■ **Work instruction**
Beginning with the line that holds "Hear the heavenly" and ending with the last line below, please copy every line exactly, add nothing, and leave out the pictures.

──────────

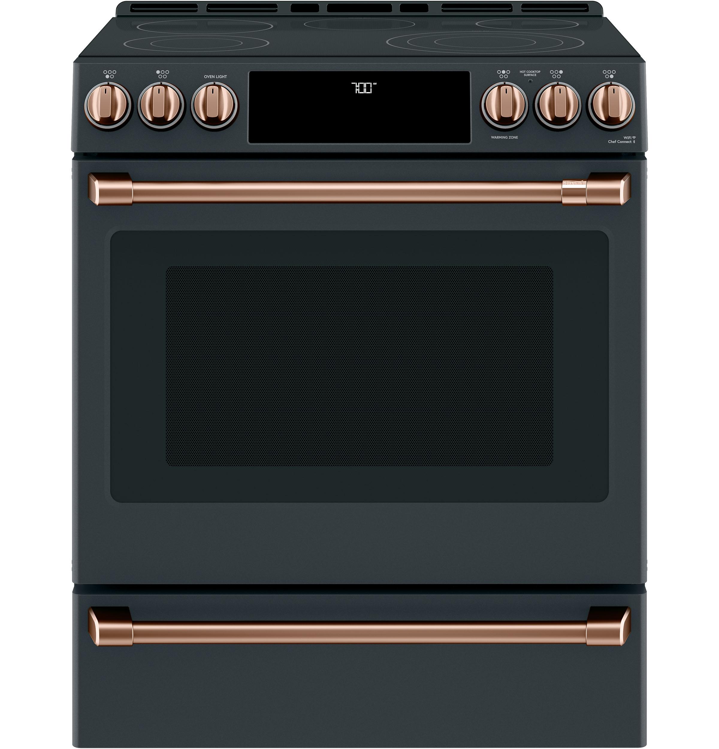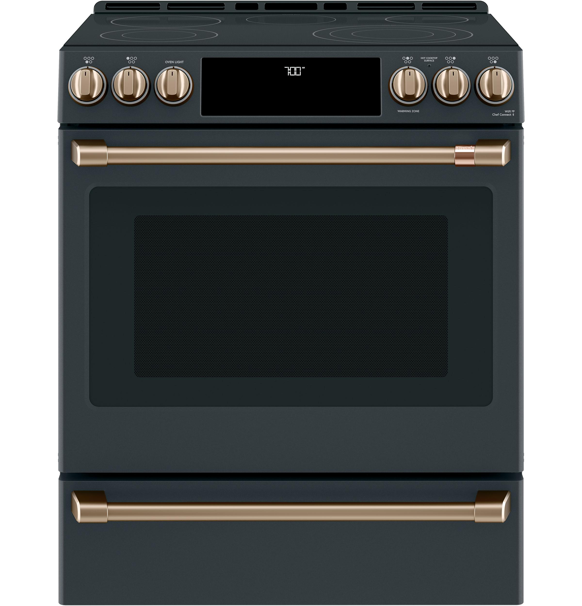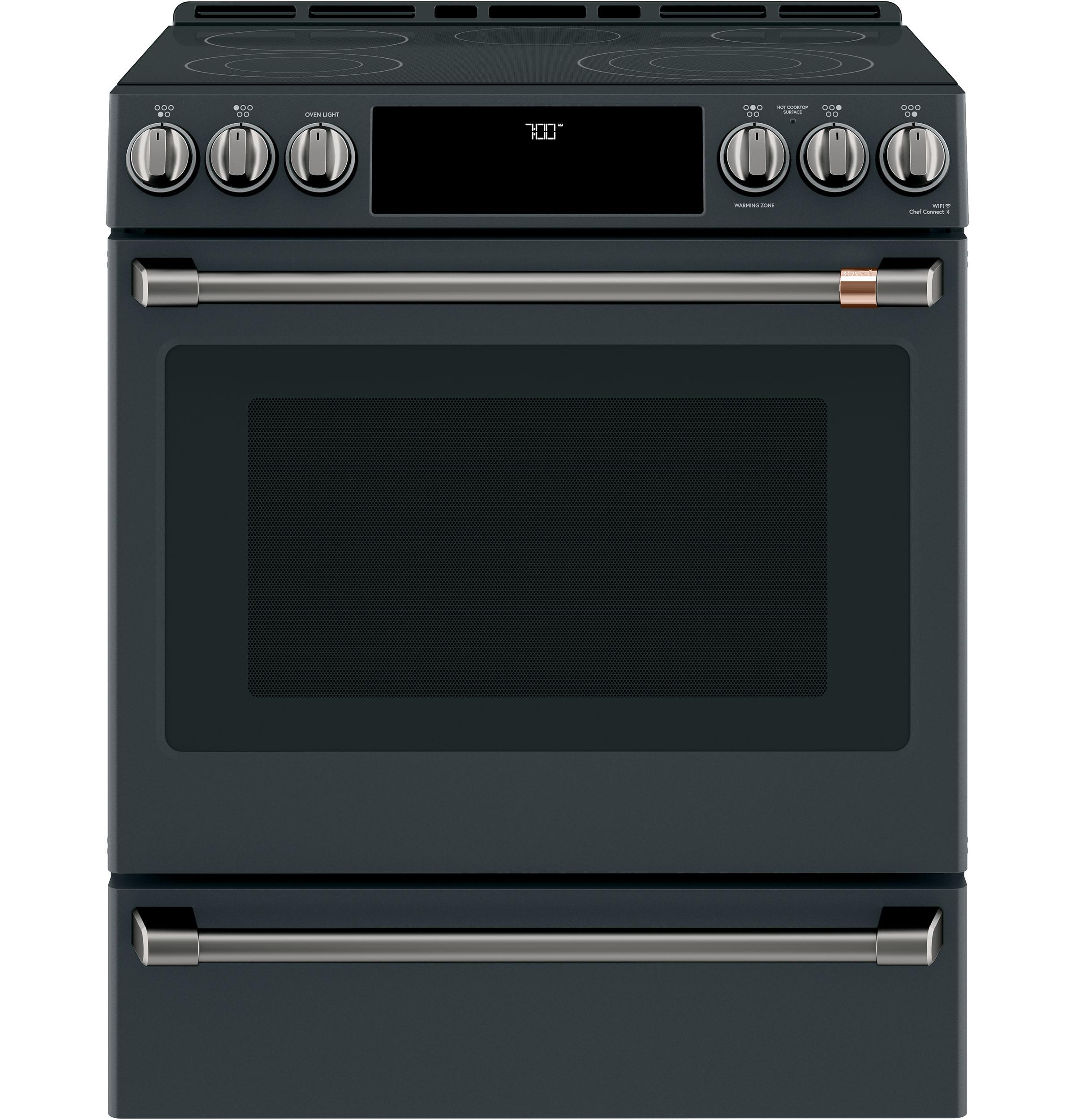 The Café CES700P3MD1 is a sophisticated 30-inch smart slide-in electric range designed to elevate your cooking experience. Its 5.7 cu. ft. oven accommodates large dishes, making it ideal for families and entertaining. The True European Convection with Precise Air system ensures even heat distribution, delivering consistent cooking results for your favorite recipes.
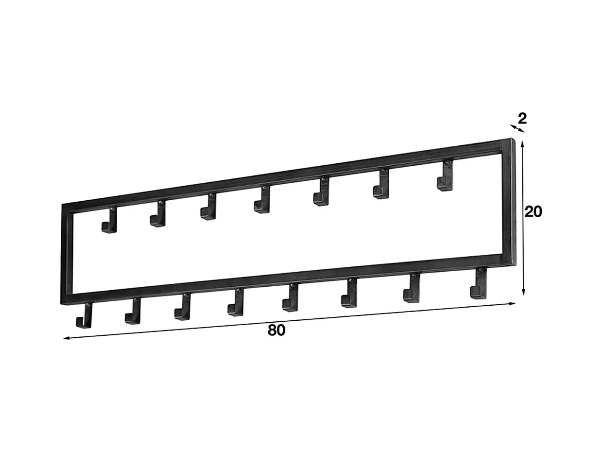 Porte-manteau industriel à 9 crochets - Gris - Porte-manteau mural 50 cm
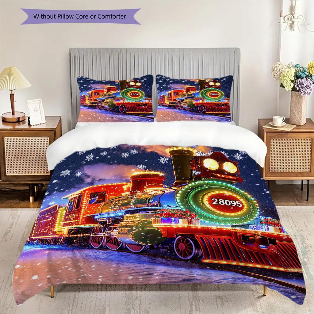 Train Pattern Bedding Quilt Set Quilt Cover Pillowcase Home Decoration Birthday Gift (1 * duvet cover + 2 * pillowcase, without core)
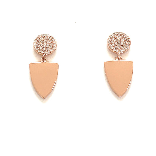 Sterling Silver Pave' Stud with Dangling Shield Shape Earrings
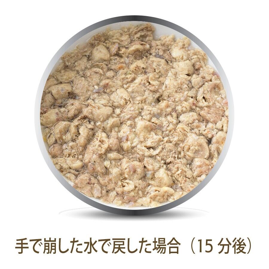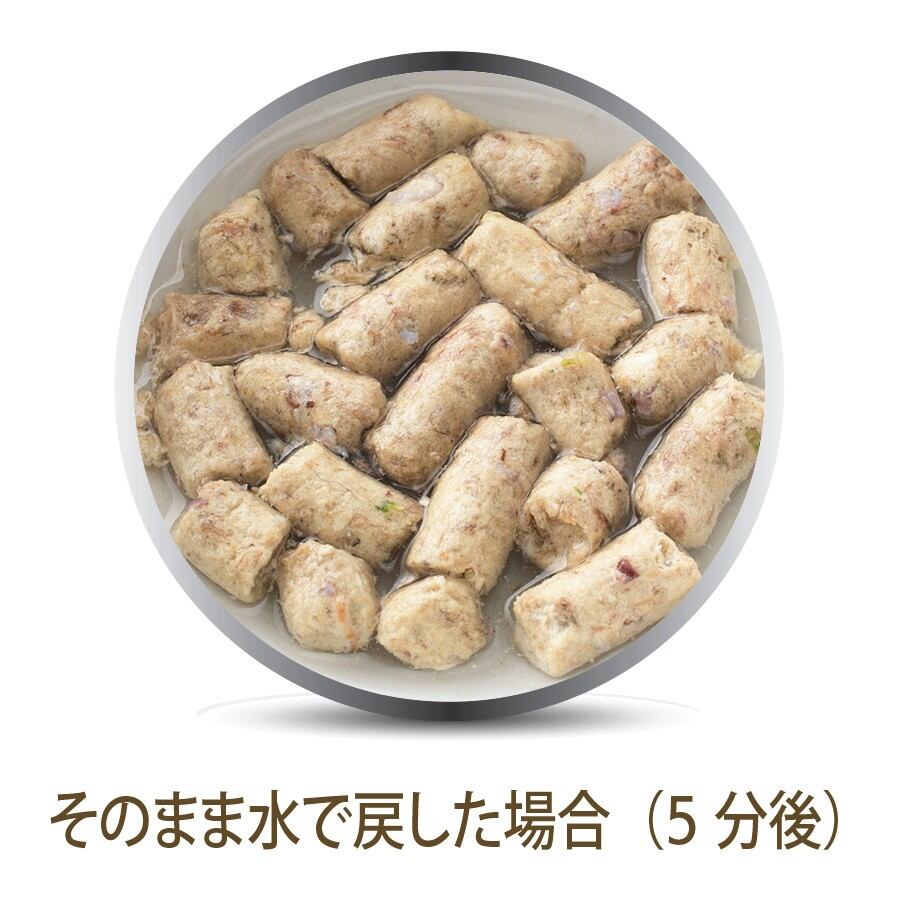 K9ナチュラルは、原材料の99%以上に自然食材を使用し、その栄養や風味を最大限に生かすため、原材料の加工を最小限に抑えながら、非加熱で製造しています。 そのため、原材料の収穫時期やサプライヤー(供給元)の違い、季節による家畜・家禽の脂肪分の違い、気候による野菜・果物などの成分の違いなど、素材の特長がそのまま、粒に反映されるため、保証成分値の範囲内ではありますが、粒の形状や、硬さ、色や香りなど、違いがあります。 また、一般的なドライフードのように、肉食動物である犬や猫にとって不要な、穀類・イモ類・豆類などの、粘性の高い、ツナギや量増しとしての原材料を一切、使用していないため、1粒1粒が柔らかく、簡単に、ほぐせるようになっています。 K9ナチュラルは、基本的な与え方として、本来の食事に近づけるために、生食の水分値に戻してから与えていただくフードですので、粉状になっているものはそのまま、粒状のものはくずしてから、水かぬるま湯(37℃以下)を加えると、短い時間で、戻ります。
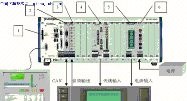 图2显示了一个典型的基于PXI TestStand的收音机测试系统。其中1为采用Pentinum M的PXI-8196嵌入式控制器,控制器上提供了串口、并口、以太网口、USB和GPIB等接口,并且所有的软件都在它上面运行;2为PXI-8664 CAN控制器,与收音机的CAN总线连接;3为PXI-4472动态信号采集卡,配合聚星的音频分析软件实现音频分析仪的功能,它同时和收音机的喇叭输出连接,8个输入通道可以和4声道平衡输出匹配;4为PXI-5671射频信号发生器,配合聚星的射频软件实现立体声无线电信号源的功能,它和收音机的天线输入连接;5为PXI-2565高性能继电器,负责电源开关和其他开关切换,它的接触电阻仅30毫欧姆,单路可承载5安培的电流;6为PXI-4070数字万用表模块,它和电源以及继电器连接,测量电流和电压,提供6位半的精度。以上是PXI TestStand检测平台的一个典型应用。被测件-收音机的CAN、音频、射频和电源是物理的测控对象,它们和各自的模块化仪器连接。模块化仪器都和PXI总线连接,交换测控数据和指令。所有的模块化仪器都有相应的软件控制,形成功能独立且可相互集成的测试软件模块。这些测试软件模块再由测试管理软件TestStand有机地构建成统一的测试流程。
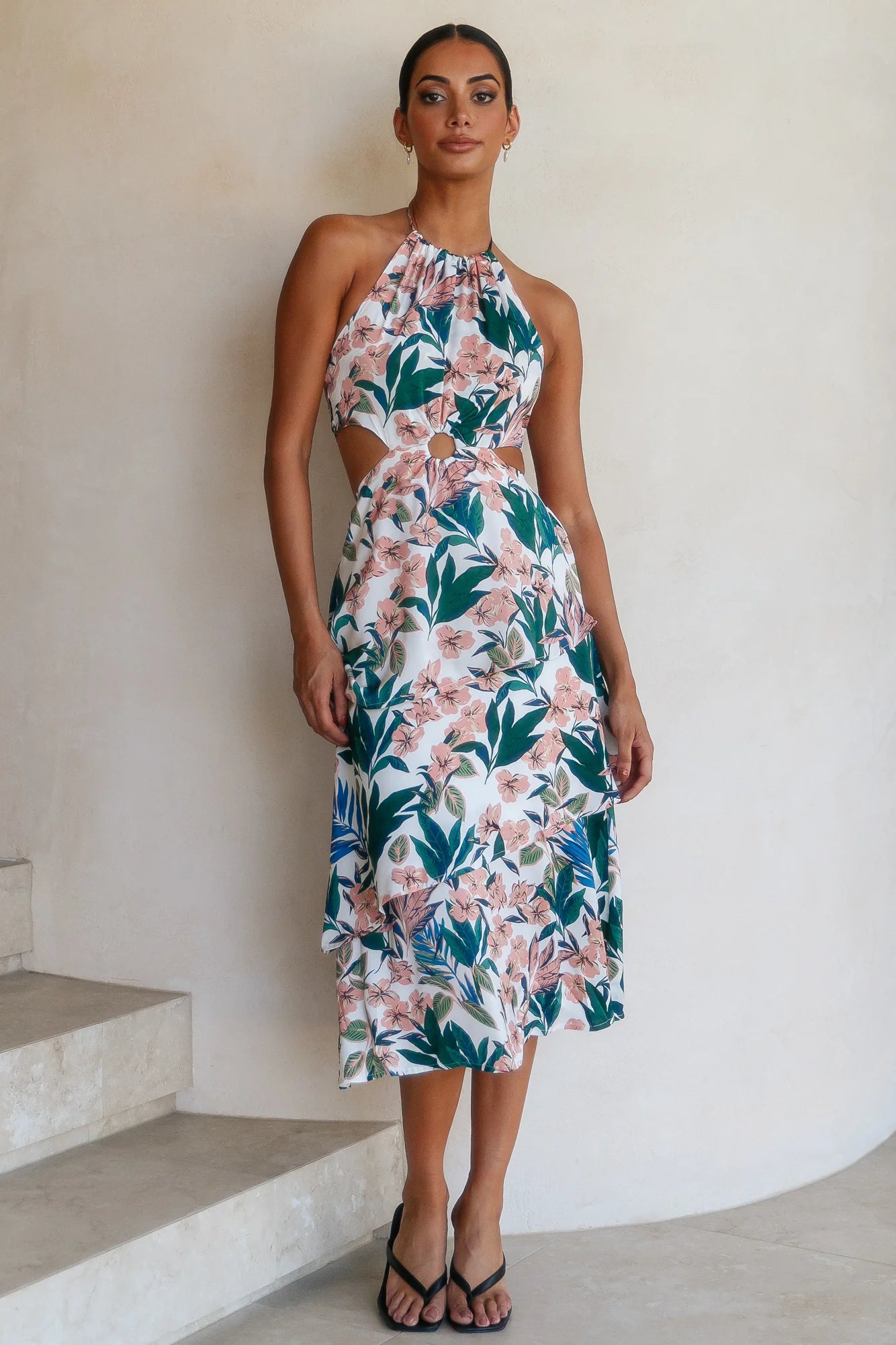 Hear the heavenly hymns as you embrace your Angelic Heart. This maxi features a tie-up halterneck detail with back ties, a ring detail at the front, waist cut-outs and a very ruffled skirt. Style yours with mules and gold jewellery.
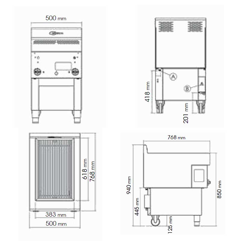 | Dimensions (L × P × H) | 500 × 768 × 850 mm |
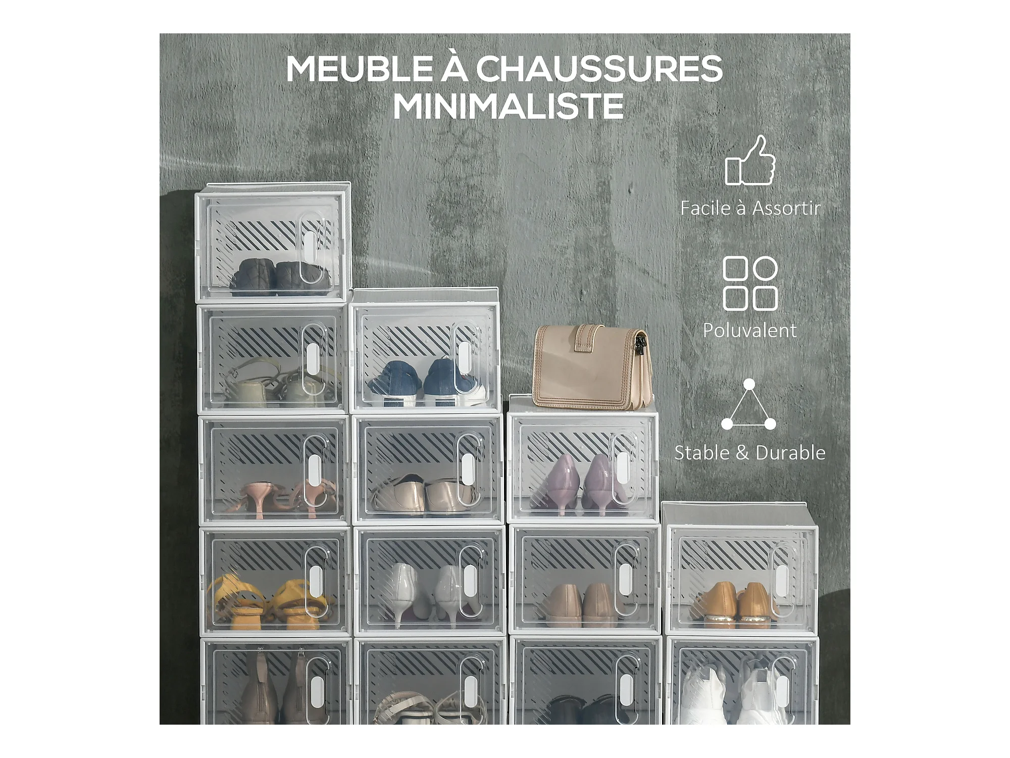 Lot de 12 Boîtes à Chaussures Transparentes avec couvercle
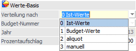 Es wird ausgewählt, welche Art von Werten als Basis für die Verhältnis-Berechnung verwendet werden sollen. Bei Ist- und Budget-Werten kann zusätzlich noch ein Wirtschaftsjahr selektiert werden. Entscheidet man sich für "aliquot" oder "manuell" ist eine "Verhältnis-Nummer" auszuwählen.
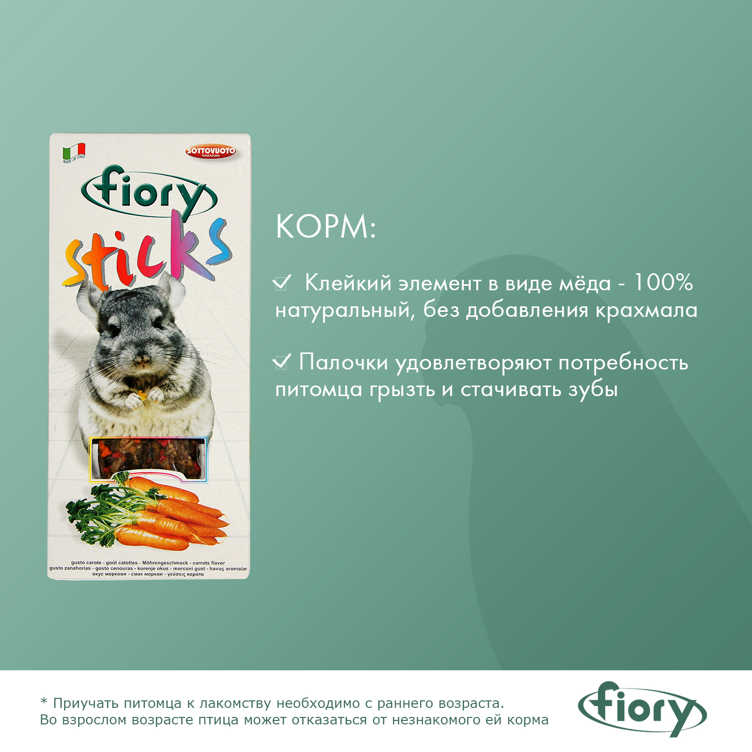 FIORY палочки для шиншилл с морковью. Лакомство для шиншилл должно быть особым. В состав палочек входят высушенные хлопья вкусной моркови, различные виды полезных семян, а также другие элементы, делающие лакомство отличным дополнением к рациону вашего маленького питомца.
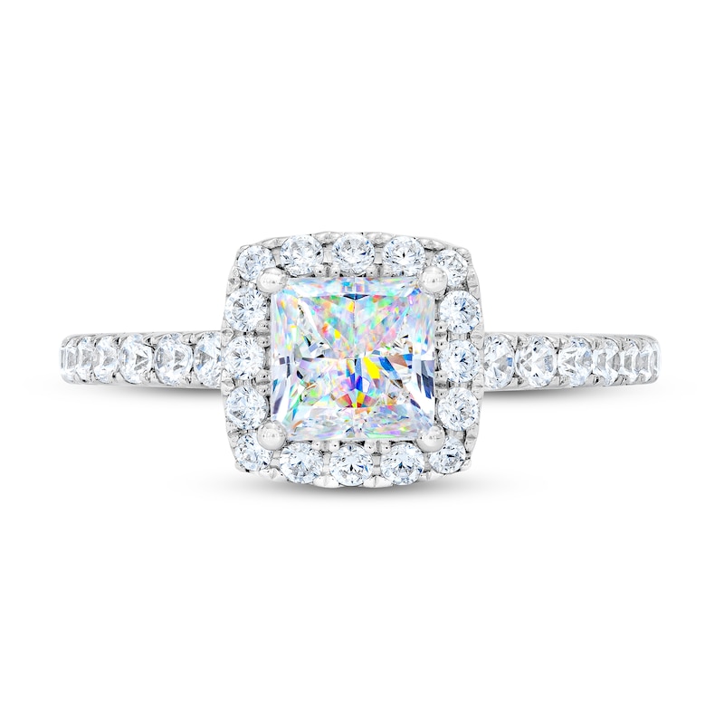 - THE LEO First Light Diamond Engagement Ring 1-3/8 ct tw Princess & Round-cut White Gold Plated
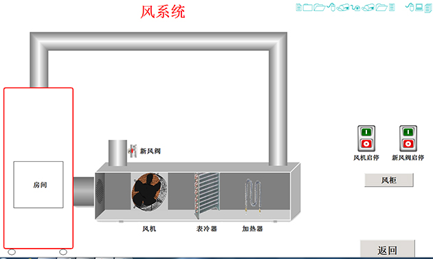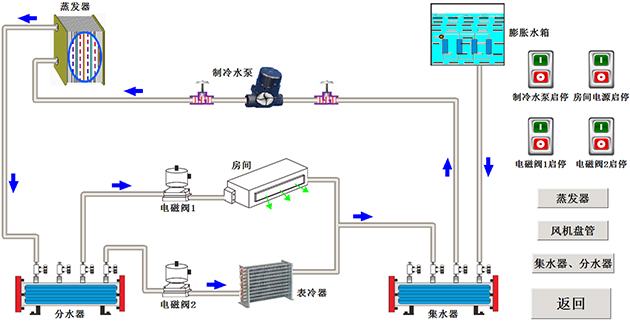 (3),系统故障运行演示:在配置有实物中央空调实训考核装置时,在软件演示故障时系统动画与实物实时故障同步,让学生更好地撑握空调原理、操作方法,如压缩机系统、制冷系统、制热系统、风系统、集中送风系统、半集中送风系统的原理过程。

──────────

■ **Task answer**
 Hear the heavenly hymns as you embrace your Angelic Heart. This maxi features a tie-up halterneck detail with back ties, a ring detail at the front, waist cut-outs and a very ruffled skirt. Style yours with mules and gold jewellery.
 | Dimensions (L × P × H) | 500 × 768 × 850 mm |
 Lot de 12 Boîtes à Chaussures Transparentes avec couvercle
 Es wird ausgewählt, welche Art von Werten als Basis für die Verhältnis-Berechnung verwendet werden sollen. Bei Ist- und Budget-Werten kann zusätzlich noch ein Wirtschaftsjahr selektiert werden. Entscheidet man sich für "aliquot" oder "manuell" ist eine "Verhältnis-Nummer" auszuwählen.
 FIORY палочки для шиншилл с морковью. Лакомство для шиншилл должно быть особым. В состав палочек входят высушенные хлопья вкусной моркови, различные виды полезных семян, а также другие элементы, делающие лакомство отличным дополнением к рациону вашего маленького питомца.
 - THE LEO First Light Diamond Engagement Ring 1-3/8 ct tw Princess & Round-cut White Gold Plated
 (3),系统故障运行演示:在配置有实物中央空调实训考核装置时,在软件演示故障时系统动画与实物实时故障同步,让学生更好地撑握空调原理、操作方法,如压缩机系统、制冷系统、制热系统、风系统、集中送风系统、半集中送风系统的原理过程。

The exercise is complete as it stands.